Question

Two isotopes of uranium, \({ }^{235} \mathrm{U}\) and \({ }^{238} \mathrm{U}\), are separated by a gas diffusion process that involves combining them with fluorine to make the compound \(\mathrm{UF}_{6}\). Determine the ratio of the root-mean-square speeds of \(\mathrm{UF}_{6}\) molecules for the two isotopes. The masses of \({ }^{235} \mathrm{UF}_{6}\) and \({ }^{238} \mathrm{UF}_{6}\) are 349.03 amu and 352.04 amu, respectively.

Short answer

Answer: The ratio of the root-mean-square speeds of uranium isotopes ${}^{235}\mathrm{UF}_{6}$ and ${}^{238}\mathrm{UF}_{6}$ is approximately 1.0043.

Step-by-step solution

Root-mean-square speed formula and constants

The root-mean-square speed can be calculated using the following formula: \( v_{rms} = \sqrt{\frac{3RT}{M}} \) Where: \(v_{rms}\) = root-mean-square speed \(R\) = universal gas constant, which is \(8.314 \ \text{J} \text{(mol K)}^{-1}\) when expressed in SI units \(T\) = absolute temperature in Kelvin (K) \(M\) = molar mass of the gas in kg/mol In this exercise, we are not given the temperature, but since it is the ratio of the rms speeds of uranium isotopes we are interested in, the temperature factor will cancel out when we compare their speeds.

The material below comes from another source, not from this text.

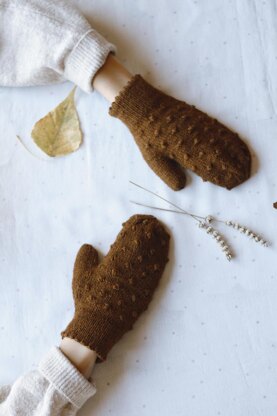 The cuff is knit in stocking stitch, folded and embellished with a picot edging and the hand features a cute bobble pattern finished with a round top, perfect for beginners and experienced knitters alike.
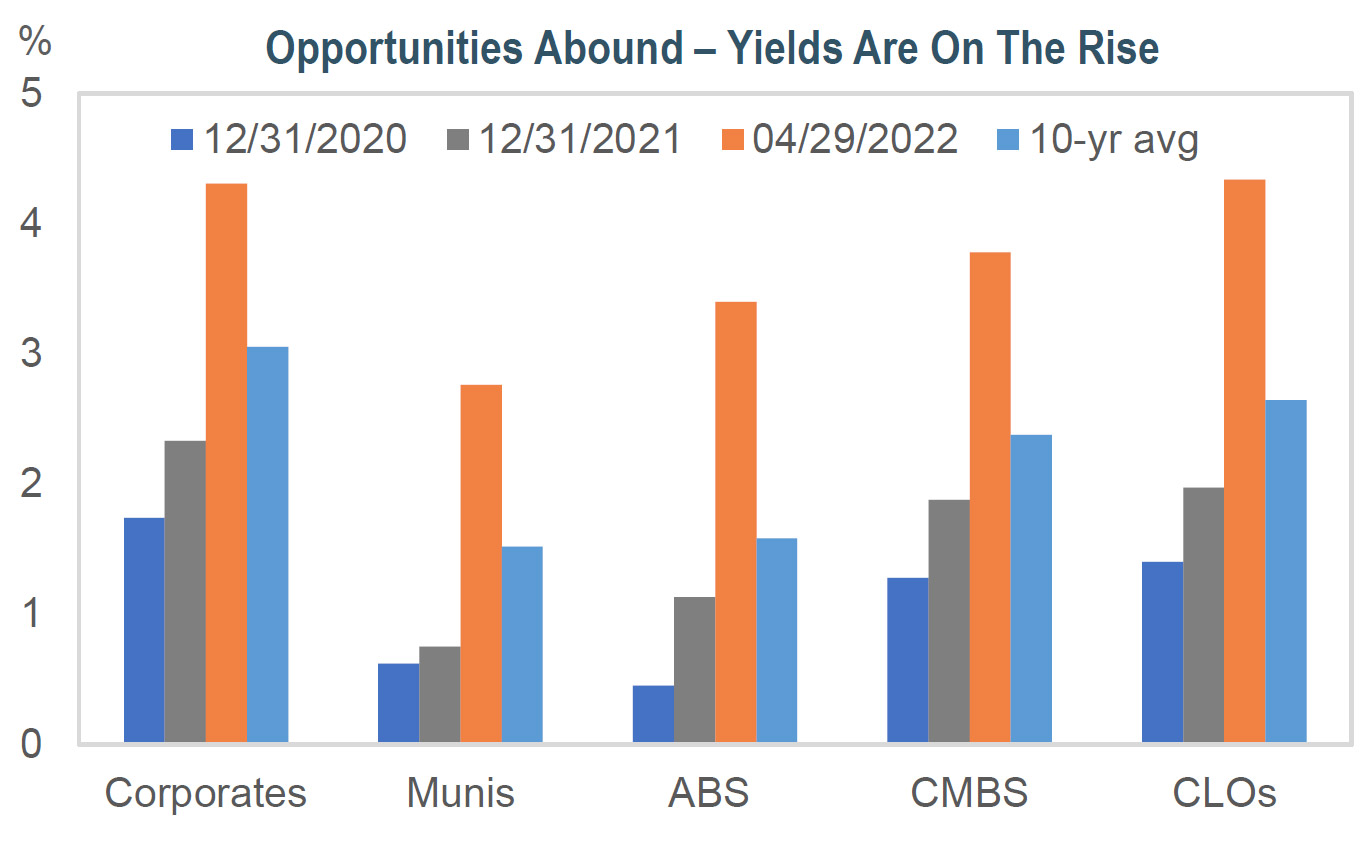 - Higher yields and wider spreads create divergence and opportunities across corporates, munis, and the securitized sector. Year-to-date, yields have risen almost 2% across sectors and are well-above both the trailing 5- and 10-year averages.

Step 2: Convert atomic mass unit (amu) to molar mass in kg/mol

Conversion of amu to kg/mol

The atomic masses for \({ }^{235}\mathrm{UF}_{6}\) and \({ }^{238}\mathrm{UF}_{6}\) are given in atomic mass units (amu). To obtain the molar masses in kg/mol, we can use the conversion factor: \(1 \ \text{amu} = 1.66054 \times 10^{-27} \ \text{kg}\) So, we have: Molar mass of \({ }^{235}\mathrm{UF}_{6} = 349.03 \times 1.66054 \times 10^{-27} \ \text{kg}\) Molar mass of \({ }^{238}\mathrm{UF}_{6} = 352.04 \times 1.66054 \times 10^{-27} \ \text{kg}\) Now that we have converted the atomic masses to their molar masses, we can find the ratio of their root-mean-square speeds. Step 3: Find the ratio of rms speeds

Ratio of rms speeds for isotopes

Using the formula for rms speed, and recalling that the temperature factor will cancel out when comparing speeds, we can find the ratio of rms speeds for \({ }^{235}\mathrm{UF}_{6}\) and \({ }^{238}\mathrm{UF}_{6}\) as follows: \(\frac{v_{rms}({}^{235}\mathrm{UF}_{6})}{v_{rms}({}^{238}\mathrm{UF}_{6})} = \frac{\sqrt{\frac{3R\cancel{T}}{M({}^{235}\mathrm{UF}_{6})}}}{\sqrt{\frac{3R\cancel{T}}{M({}^{238}\mathrm{UF}_{6})}}} = \sqrt{\frac{M({}^{238}\mathrm{UF}_{6})}{M({}^{235}\mathrm{UF}_{6})}}\) Now, substitute the calculated molar masses from Step 2: \(\frac{v_{rms}({}^{235}\mathrm{UF}_{6})}{v_{rms}({}^{238}\mathrm{UF}_{6})} = \sqrt{\frac{352.04 \times 1.66054 \times 10^{-27}}{349.03 \times 1.66054 \times 10^{-27}}} = \sqrt{\frac{352.04}{349.03}} \approx 1.0043 \) The ratio of root-mean-square speeds of \({ }^{235}\mathrm{UF}_{6}\) and \({ }^{238}\mathrm{UF}_{6}\) is approximately 1.0043.